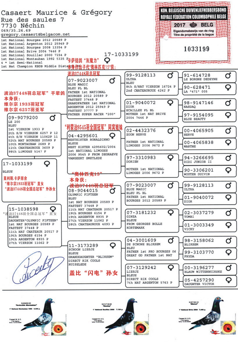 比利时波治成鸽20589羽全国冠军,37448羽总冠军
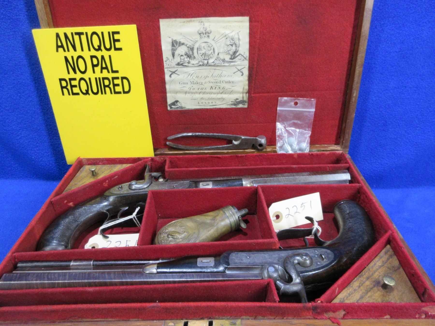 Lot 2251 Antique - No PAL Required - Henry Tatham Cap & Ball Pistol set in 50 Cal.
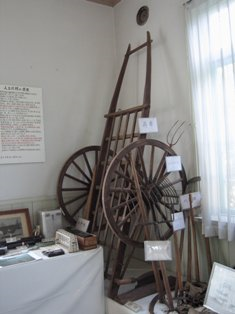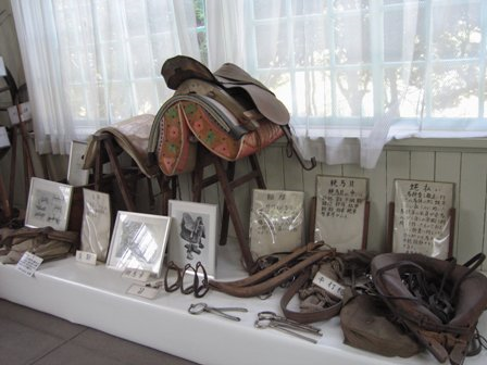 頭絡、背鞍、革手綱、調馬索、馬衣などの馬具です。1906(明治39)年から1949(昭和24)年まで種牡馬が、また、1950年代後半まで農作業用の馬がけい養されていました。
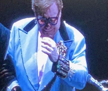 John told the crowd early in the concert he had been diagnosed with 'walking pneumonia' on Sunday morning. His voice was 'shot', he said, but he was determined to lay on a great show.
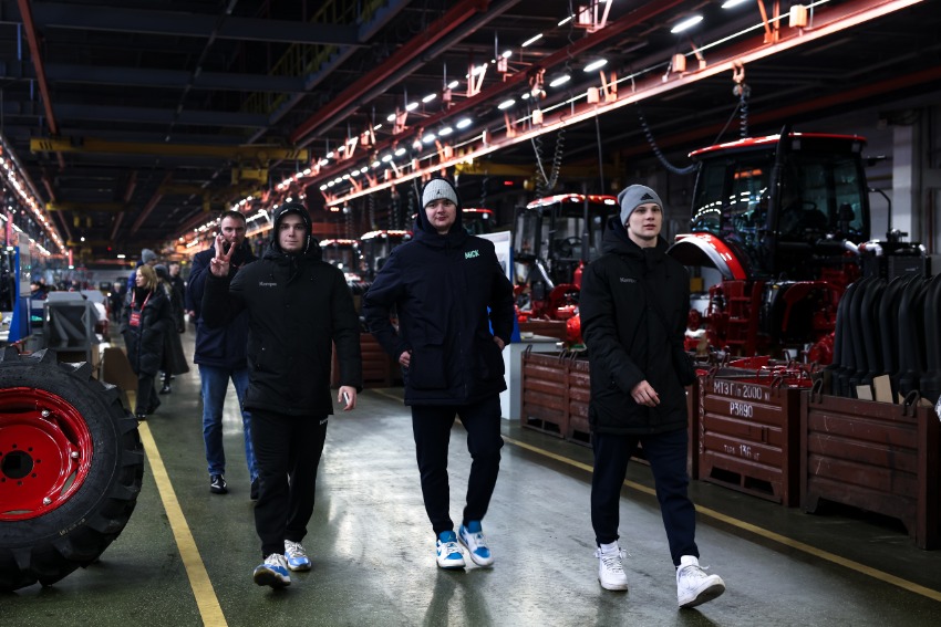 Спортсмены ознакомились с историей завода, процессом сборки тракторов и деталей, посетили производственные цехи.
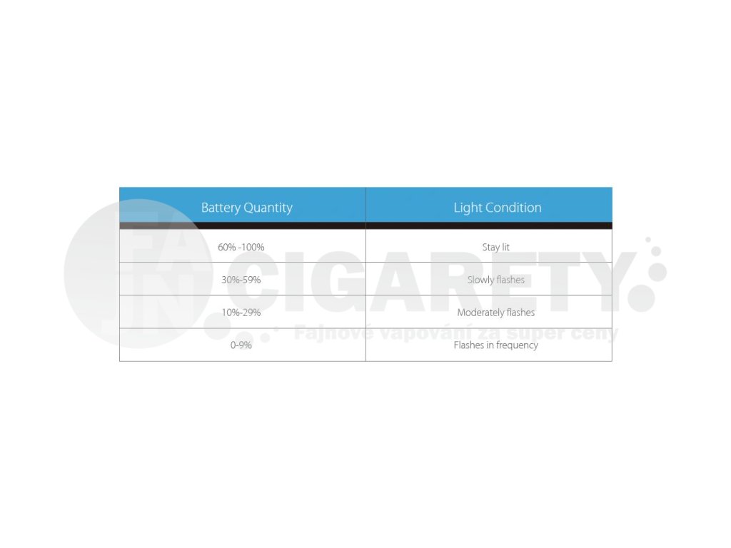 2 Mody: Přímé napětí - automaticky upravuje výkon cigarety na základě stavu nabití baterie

==*==

Action item:
Although the records contain pictures, return only their text, exactly as written.

Problem solution:
 比利时波治成鸽20589羽全国冠军,37448羽总冠军
 Lot 2251 Antique - No PAL Required - Henry Tatham Cap & Ball Pistol set in 50 Cal.
 頭絡、背鞍、革手綱、調馬索、馬衣などの馬具です。1906(明治39)年から1949(昭和24)年まで種牡馬が、また、1950年代後半まで農作業用の馬がけい養されていました。
 John told the crowd early in the concert he had been diagnosed with 'walking pneumonia' on Sunday morning. His voice was 'shot', he said, but he was determined to lay on a great show.
 Спортсмены ознакомились с историей завода, процессом сборки тракторов и деталей, посетили производственные цехи.
 2 Mody: Přímé napětí - automaticky upravuje výkon cigarety na základě stavu nabití baterie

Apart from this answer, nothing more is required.